# [MATERIAL PROVIDED]

§ §

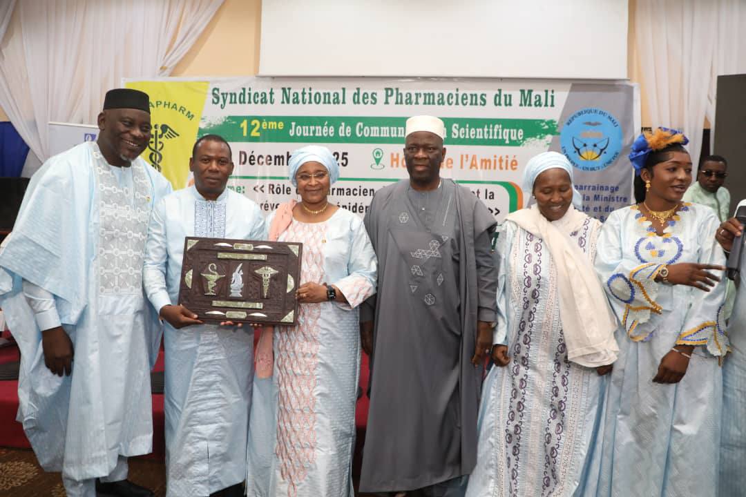 Dans son allocution, le Secrétaire général du SYNAPHARM a rappelé les nombreuses actions entreprises par le syndicat pour valoriser et renforcer le secteur pharmaceutique au Mali, notamment la participation active aux États Généraux de la Santé en 2024, l’avancement du chantier du siège social du SYNAPHARM dont la première pierre a été posée le 1er décembre 2023, des dons de médicaments au profit du ministère de la Santé à l’occasion du Mois de la solidarité 2025, le soutien à l’ONASR dans le cadre de la campagne « Novembre Bleu » contre le cancer de la prostate, l’organisation de marathons de sensibilisation à travers « Pharma-Sport » et de nombreuses actions de défense des intérêts des professionnels du secteur, et il a également salué la disponibilité constante de Madame le Ministre de la Santé et du Développement Social, le Médecin Colonel-major Assa Badiallo TOURÉ, pour son implication personnelle dans la résolution de plusieurs défis majeurs, notamment la gestion des difficultés liées à l’importation des médicaments, la fluidité des paiements AMO et la publication des nouveaux sites de pharmacies, toutefois le SYNAPHARM a formulé plusieurs doléances dont l’intensification de la lutte contre les faux médicaments et les produits phytosanitaires frauduleux, l’amélioration de la qualité des formations en pharmacie dans les établissements privés et la protection du monopole pharmaceutique sur les réactifs de laboratoire et le lait infantile.
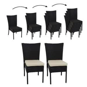 2x Poly-Rattan Stuhl MCW-G19, Balkonstuhl Gartenstuhl, stapelbar ~ schwarz, Kissen creme
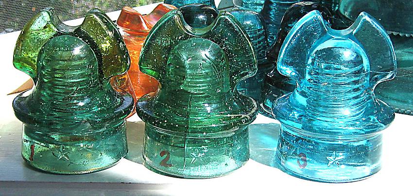 HERE ARE SOME RATHER HARD TO FIND 260 STAR HELMETS #1 is a [020] with the patent date on the rear. It has significant amber in the ears and body as well as plenty of microbubbles and junk. It has a WR chip on the right front, inner skirt chips, what appears to be an internal annealing fracture and a ding to the left rear ear tip. THE EARS ON THIS PIECE ARE SPECTACULAR!!! $300...more pictures are available....now $275 #2 is also a [020] and has amber throughout with microbubbles. It has some internal annealing (??) fractures, a fisheye on the rear dome and a 1 1/2 " WR chip on the rear. $225...now $200 #3 is an blue aqua without the patent date [010] with only a very minor and hard to see front WR bruise, and small rear WR chip. SOLD CONTACT ME IF YOU ARE INTERESTED IN MORE THAN ONE FOR COMBINED PRICES. |
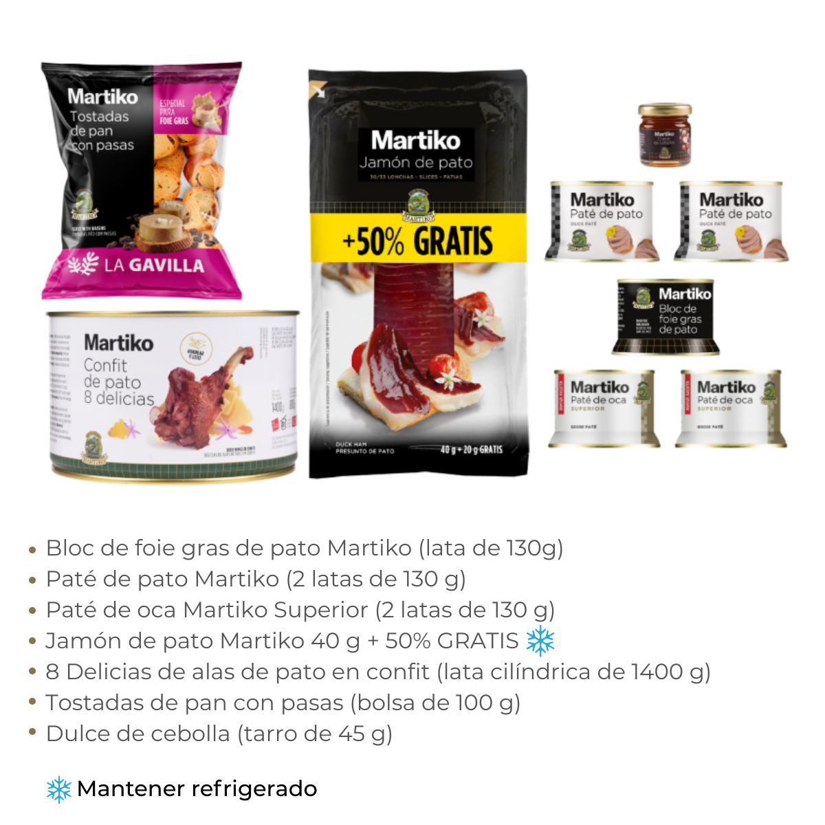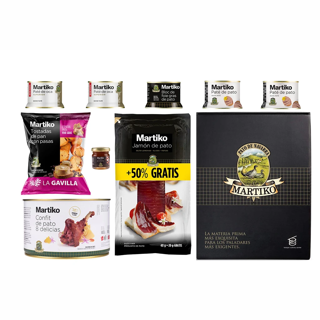 Este lote reúne una selección exquisita, para dos, de productos Martiko: bloc de foie gras, delicias de confit, jamón de pato, patés de pato y oca y sus acompañamientos perfectos (tostadas de pan con pasas y dulce de cebolla).
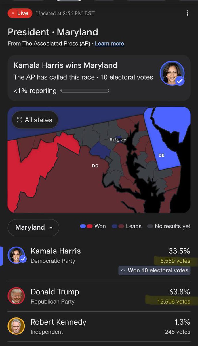 WHAT THE HECKβΌοΈβΌοΈ AP called Maryland for Kamalaβ¦ but their own numbers show Trump has more votesβ¦ at 1% reporting TRUMP IS AHEAD IN MARYLAND AND THEY CALLED IT FOR KAMALAβCHEATINGβΌοΈβΌοΈβΌοΈ #Election2024 https://t.co/ADrnpCffrh
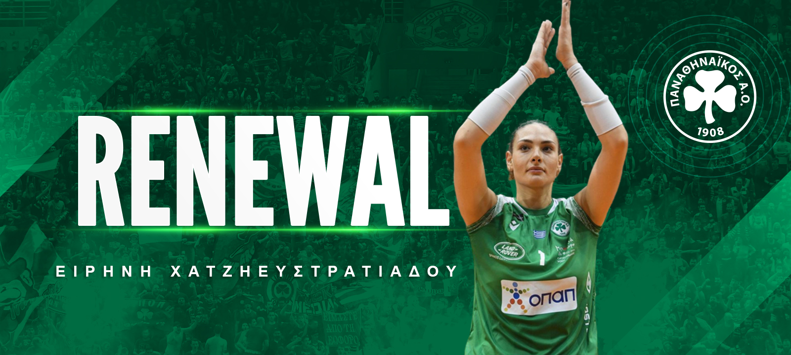 Ο Παναθηναϊκός Αθλητικός Όμιλος ανακοινώνει την ανανέωση της συνεργασίας του με την Ειρήνη Χατζηευστρατιάδου για το γυναικείο τμήμα βόλεϊ, για την αγωνιστική σεζόν 2023-24.
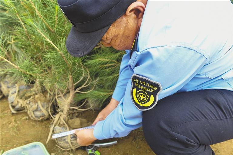 在拉薩南北山綠化工程2024年度鞏固提升(貢嘎機(jī)場周邊山體)工程項目上,林業(yè)檢疫執(zhí)法工作人員在檢查樹苗根部土球是否達(dá)標(biāo)。 新華社記者 晉美多吉 攝

§ §

# [WHAT YOU HAVE TO DO]
Write out each entry exactly as given, but skip the pictures.

# [WRITTEN SOLUTION]
 Dans son allocution, le Secrétaire général du SYNAPHARM a rappelé les nombreuses actions entreprises par le syndicat pour valoriser et renforcer le secteur pharmaceutique au Mali, notamment la participation active aux États Généraux de la Santé en 2024, l’avancement du chantier du siège social du SYNAPHARM dont la première pierre a été posée le 1er décembre 2023, des dons de médicaments au profit du ministère de la Santé à l’occasion du Mois de la solidarité 2025, le soutien à l’ONASR dans le cadre de la campagne « Novembre Bleu » contre le cancer de la prostate, l’organisation de marathons de sensibilisation à travers « Pharma-Sport » et de nombreuses actions de défense des intérêts des professionnels du secteur, et il a également salué la disponibilité constante de Madame le Ministre de la Santé et du Développement Social, le Médecin Colonel-major Assa Badiallo TOURÉ, pour son implication personnelle dans la résolution de plusieurs défis majeurs, notamment la gestion des difficultés liées à l’importation des médicaments, la fluidité des paiements AMO et la publication des nouveaux sites de pharmacies, toutefois le SYNAPHARM a formulé plusieurs doléances dont l’intensification de la lutte contre les faux médicaments et les produits phytosanitaires frauduleux, l’amélioration de la qualité des formations en pharmacie dans les établissements privés et la protection du monopole pharmaceutique sur les réactifs de laboratoire et le lait infantile.
 2x Poly-Rattan Stuhl MCW-G19, Balkonstuhl Gartenstuhl, stapelbar ~ schwarz, Kissen creme
 HERE ARE SOME RATHER HARD TO FIND 260 STAR HELMETS #1 is a [020] with the patent date on the rear. It has significant amber in the ears and body as well as plenty of microbubbles and junk. It has a WR chip on the right front, inner skirt chips, what appears to be an internal annealing fracture and a ding to the left rear ear tip. THE EARS ON THIS PIECE ARE SPECTACULAR!!! $300...more pictures are available....now $275 #2 is also a [020] and has amber throughout with microbubbles. It has some internal annealing (??) fractures, a fisheye on the rear dome and a 1 1/2 " WR chip on the rear. $225...now $200 #3 is an blue aqua without the patent date [010] with only a very minor and hard to see front WR bruise, and small rear WR chip. SOLD CONTACT ME IF YOU ARE INTERESTED IN MORE THAN ONE FOR COMBINED PRICES. |
 Este lote reúne una selección exquisita, para dos, de productos Martiko: bloc de foie gras, delicias de confit, jamón de pato, patés de pato y oca y sus acompañamientos perfectos (tostadas de pan con pasas y dulce de cebolla).
 WHAT THE HECKβΌοΈβΌοΈ AP called Maryland for Kamalaβ¦ but their own numbers show Trump has more votesβ¦ at 1% reporting TRUMP IS AHEAD IN MARYLAND AND THEY CALLED IT FOR KAMALAβCHEATINGβΌοΈβΌοΈβΌοΈ #Election2024 https://t.co/ADrnpCffrh
 Ο Παναθηναϊκός Αθλητικός Όμιλος ανακοινώνει την ανανέωση της συνεργασίας του με την Ειρήνη Χατζηευστρατιάδου για το γυναικείο τμήμα βόλεϊ, για την αγωνιστική σεζόν 2023-24.
 在拉薩南北山綠化工程2024年度鞏固提升(貢嘎機(jī)場周邊山體)工程項目上,林業(yè)檢疫執(zhí)法工作人員在檢查樹苗根部土球是否達(dá)標(biāo)。 新華社記者 晉美多吉 攝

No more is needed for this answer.